- The sculpture in 2022
- Artist: Buster Simpson
- Year: 1989
- Type: Sculpture
- Subject: Chief Seattle George Washington
- Condition: "Treatment needed" (1994)
- Location: Seattle, Washington, United States; 47°36′39″N 122°19′53″W﻿ / ﻿47.61083°N 122.33139°W;

= Seattle George Monument =

Sculpture in Seattle, Washington, U.S.

The Seattle George Monument, also known as Seattle, Washington Monument, is an outdoor 1989 sculpture by Buster Simpson, installed outside the Seattle Convention Center, north of 7th Avenue between Union and Pike Streets, in Seattle, Washington, in the United States.

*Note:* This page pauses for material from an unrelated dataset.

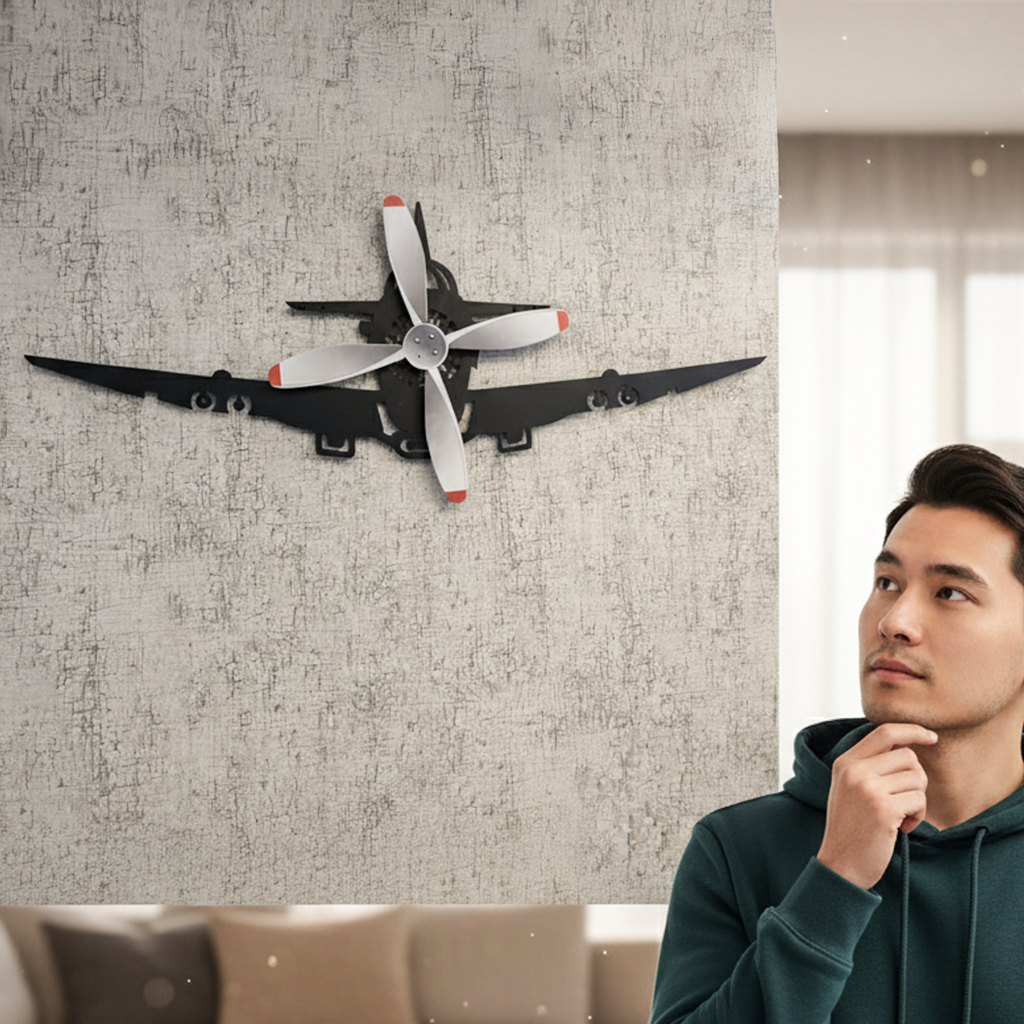 The Airplane Wall Art with Spinning Propeller is a statement piece for anyone who dreams in clouds. Crafted entirely from durable powder-coated metal, this wall-mounted plane silhouette features a realistic, hand-powered propeller that spins smoothly with a flick — adding a touch of motion and surprise to its already bold design.

== Description and history ==
The kinetic sculpture, which is made from aluminum, steel, painted metal, wire, English ivy, concrete, and mylar sheets, depicts Chief Seattle and George Washington. It was surveyed and deemed "treatment needed" by the Smithsonian Institution's "Save Outdoor Sculpture!" program in October 1994. The sculpture was designed to resemble the highway shields used by Washington's state highway system.

The sculpture rests on a trellis base under the suspended nose of a Boeing 707. Lines from Chief Seattle's farewell speech are etched in the base in English and phonetic Salish.